Among the entries below, the lines from the one with "5 | Aslan Bzhania" up to and including the one with "Квартира с кухней-гостиной" are to be restated exactly, without pictures.

DATASET ENTRIES →
<<<<
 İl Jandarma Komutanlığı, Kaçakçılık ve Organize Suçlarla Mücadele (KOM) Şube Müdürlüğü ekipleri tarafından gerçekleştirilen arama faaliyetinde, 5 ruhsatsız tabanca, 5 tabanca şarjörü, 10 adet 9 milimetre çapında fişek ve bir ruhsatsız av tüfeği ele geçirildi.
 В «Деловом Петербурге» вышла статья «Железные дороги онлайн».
>>>>
<<<<
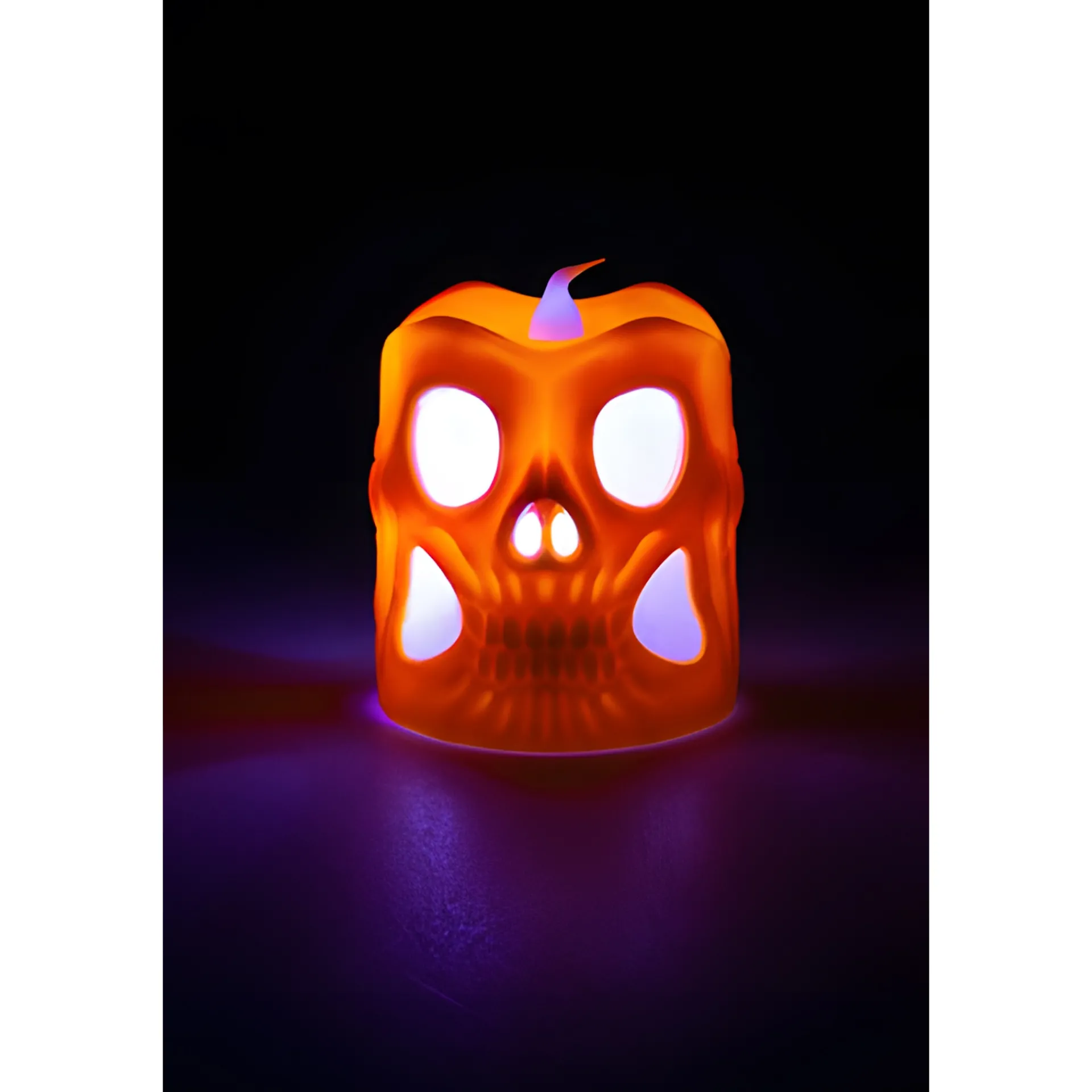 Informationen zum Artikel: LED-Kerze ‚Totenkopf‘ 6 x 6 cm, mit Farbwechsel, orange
>>>>
<<<<
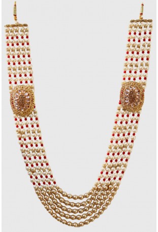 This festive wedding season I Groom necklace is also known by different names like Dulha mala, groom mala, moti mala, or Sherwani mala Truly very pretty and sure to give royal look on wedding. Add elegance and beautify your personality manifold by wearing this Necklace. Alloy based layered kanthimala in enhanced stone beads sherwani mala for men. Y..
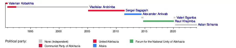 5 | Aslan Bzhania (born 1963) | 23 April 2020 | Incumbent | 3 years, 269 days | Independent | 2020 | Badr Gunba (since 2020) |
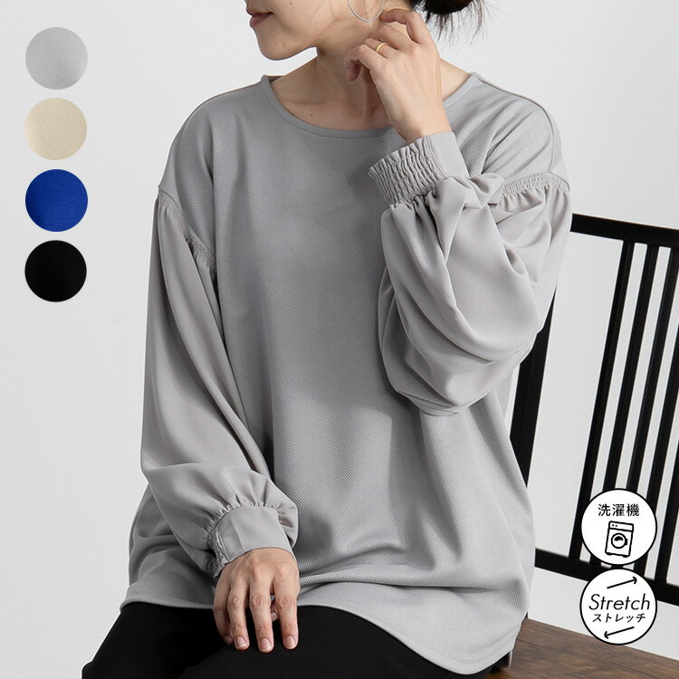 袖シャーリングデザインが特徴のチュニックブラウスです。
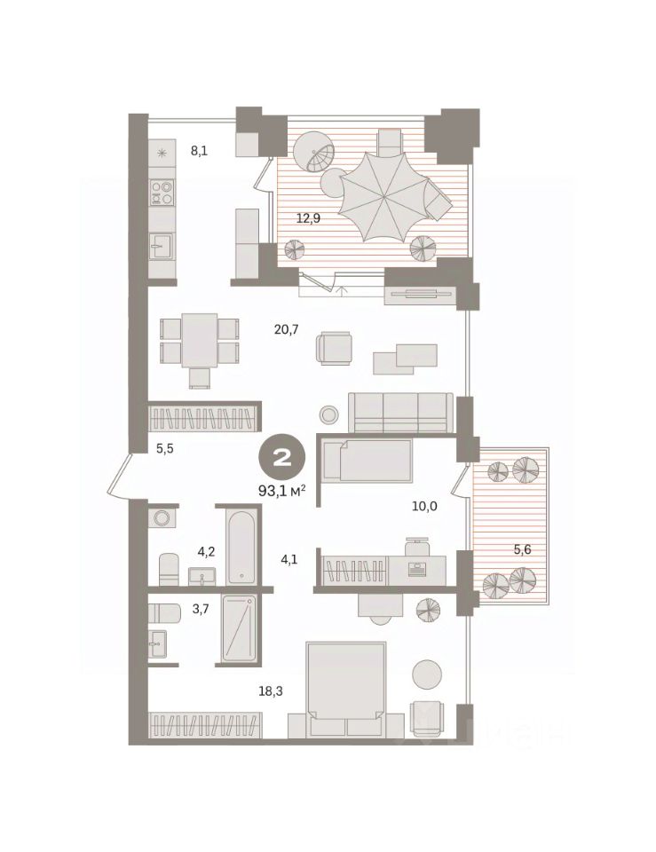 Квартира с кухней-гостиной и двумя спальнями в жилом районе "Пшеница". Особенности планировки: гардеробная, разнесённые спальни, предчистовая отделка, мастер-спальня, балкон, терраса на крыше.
>>>>
RESULT BELOW →
 5 | Aslan Bzhania (born 1963) | 23 April 2020 | Incumbent | 3 years, 269 days | Independent | 2020 | Badr Gunba (since 2020) |
 袖シャーリングデザインが特徴のチュニックブラウスです。
 Квартира с кухней-гостиной и двумя спальнями в жилом районе "Пшеница". Особенности планировки: гардеробная, разнесённые спальни, предчистовая отделка, мастер-спальня, балкон, терраса на крыше.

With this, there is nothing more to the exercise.